Minggu, 03 Maret 2013

Pesona Magis Ullen Sentalu #2


Blog kali ini, saya ingin melanjutkan cerita kunjungan saya ke Museum Ullen Sentalu di Yogyakarta.
Berikut cerita lengkapnya perjalanan saya di dalam museum.


Begitu masuk, saya merasakan nuansa yang jauh berbeda dari ruangan pertama. Saya melewati jalan setapak yang sempit, rindang, dan berbentuk seperti labirin. Pemandu mengantar saya dan rombongan ke ruangan pertama, yaitu Guwo Selo Giri yang artinya "Gua berdinding batu gunung" (yang diambil dari Gunung Merapi). Dengan pencahayaan yang temaram, lorong ini memancarkan nuansa gothik yang kental. Kesannya sungguh magis. Menakjubkan!
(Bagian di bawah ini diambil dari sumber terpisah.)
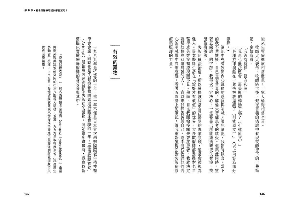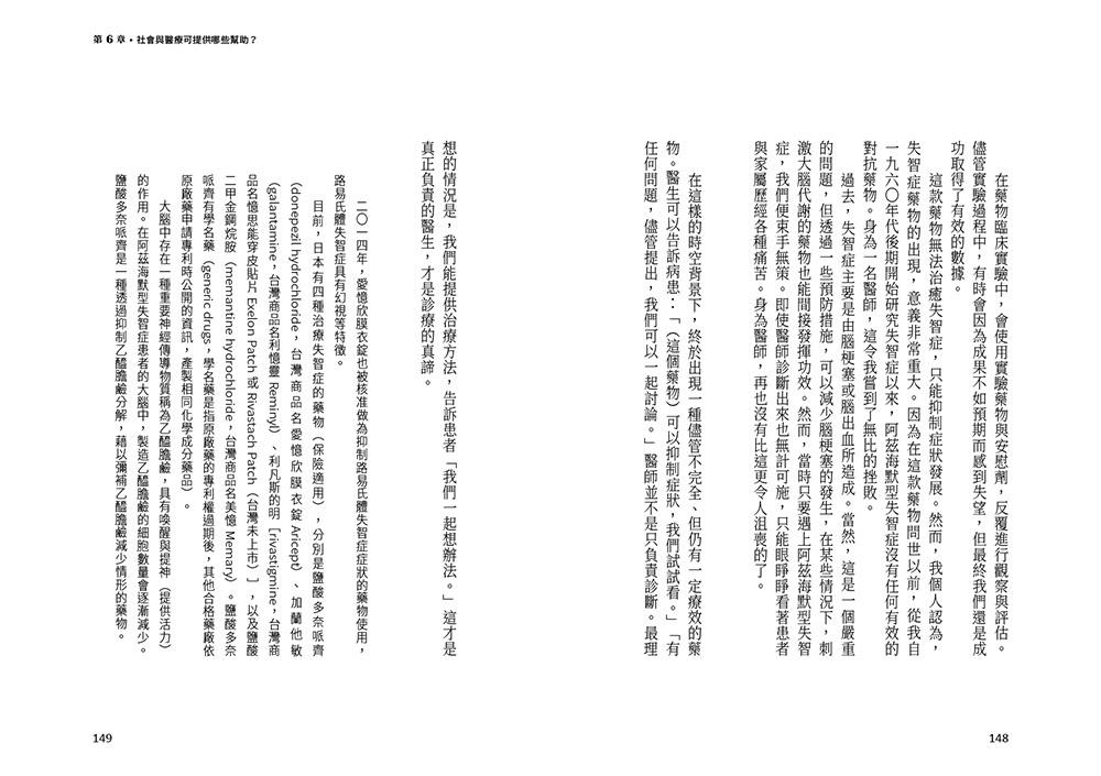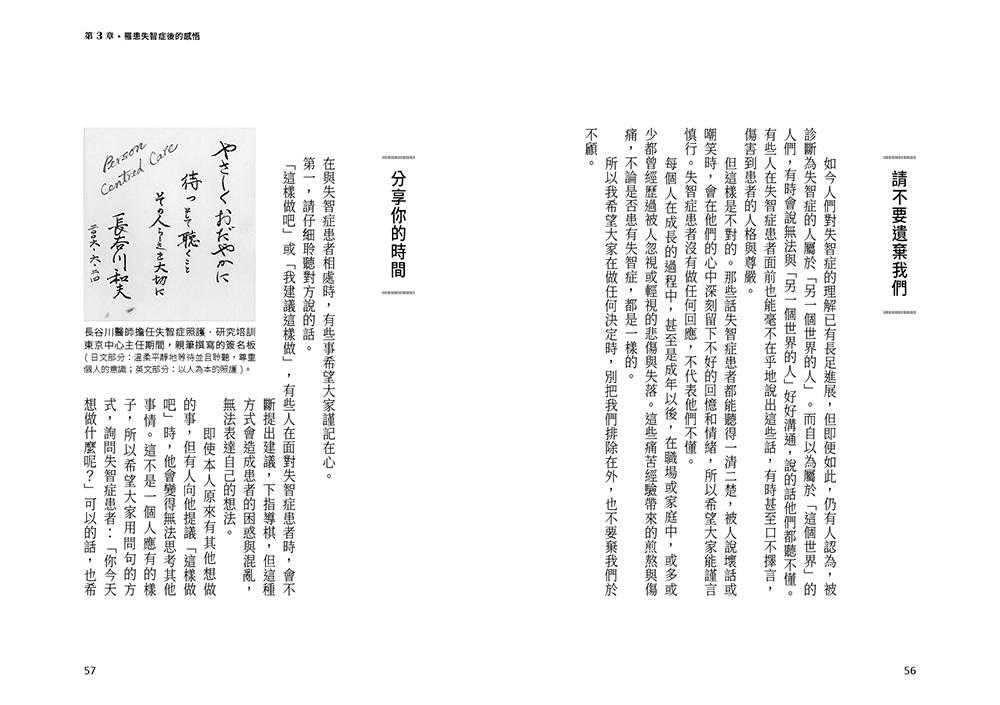 書中除了珍貴的「第一人稱」自述,為了讓所有讀者更了解失智症,長谷川醫師從「什麼是失智症」、診斷流程、危險因子、預防重點開始說明,進而解說「長谷川式失智症量表」的制訂祕辛、量表的問題項目與評分方式、日本失智症醫療的發展歷史,以及社會醫療措施等,從各個角度全方位詳說,有助於大家更認識失智症。

Suasana di dalam Guwo Selo Giri

Arca Dewi Sri
Dalam ruangan bawah tanah yang berbentuk lorong ini, saya bisa melihat beberapa foto kota Yogyakarta tempo dulu dan beberapa foto penari-penari kraton yang sedang beraksi. Jangan salah, meskipun ada karakter wanita, tidak satupun dari penari-penari dalam foto lama itu adalah wanita, karena pada jaman dahulu wanita tidak diperkenankan menari untuk umum. Jadi untuk menggantikan perannya adalah pemuda yang berbadan ramping dan luwes seperti layaknya puteri keraton.
Gamelan hadiah dari Kesultanan Yogyakarta.
Di ruangan ini saya dan rombongan mulai diperkenalkan dengan beberapa karakter putri keraton yang menonjol, seperti BRAy. Partini Djayadiningrat (nenek dari sutradara video klip Dimas Djayadiningrat) yang mengarang buku “Ande-Ande Lumut” dan diterbitkan pertama kali oleh Balai Pustaka dengan nama samaran Antipurbani. Di ruangan luas ini juga terdapat seperangkat gamelan yang merupakan hadiah dari Kesultanan Yogyakarta. Terdapat juga beberapa foto hasil jepretan tukang foto keluarga keraton pada masa Sultan HB VII yang bernama Kasian Cephas. Beberapa fotonya menggambarkan wanita dengan pose yang dianggap berani pada masa itu, yaitu foto yang berjudul “Denok”, menggambarkan wanita kalangan rakyat biasa berpose di atas dipan sederhana dengan kain yang menutupi bagian dada sampai ke lutut saja. Dianggap pose yang berani karena pada jaman dahulu wanita dilarang keras menaikkan kain melebihi 3 cm dari mata kakinya.
Selain itu, kami dikenalkan juga kepada wanita keraton yang pada jaman itu sudah mahir mendesain pakaian dan aksesoris, yaitu Retno Puwoso, istri dari Paku Alam VII yang merupakan putri dari Paku Buwono X. Dalam salah satu lukisan, digambarkan Retno Puwoso mengenakan baju kebaya dan kipas bulu yang dikalungkan di leher sampai menjuntai sampai ke mata kaki, dimana bentuk kipas yang ‘tidak lazim’ itu di-desain sendiri olehnya. Lukisan lain menunjukkan potret diri Retno Puwoso beserta suaminya yang pada saat itu sudah memakai ‘dasi’ yang dikenakan dengan baju kebesarannya. Lagi-lagi dasi tersebut merupakan desainnya sendiri.
Di ruangan ini juga berjejer lukisan dan foto para tokoh dari 4 keraton Kerajaan Mataram. Masing-masing lukisan dan foto punya cerita sendiri, salah satunya adalah lukisan 3 dimensi. Mata wanita di lukisan ini akan mengikuti langkah Anda ke mana pun Anda melangkah!
Kita juga dapat melihat foto diri Pakubuwono (PB) X beserta permaisuri yang merupakan putri dari Sultan Yogyakarta. Sesungguhnya, PB X sudah memiliki permaisuri dan puluhan selir. Namun karena tidak memiliki anak dari permaisurinya, maka beliau mengambil permaisuri lagi di tahun 1915. Di jaman pemerintahan PB X, kota Solo diceritakan mencapai puncak kejayaan. Hal itu ditandai dengan dibangunnya banyak pesanggrahan (Tegalgondo, Pengging, Banyubiru dan Ampel) atau Pasar Gede Harjonagoro.   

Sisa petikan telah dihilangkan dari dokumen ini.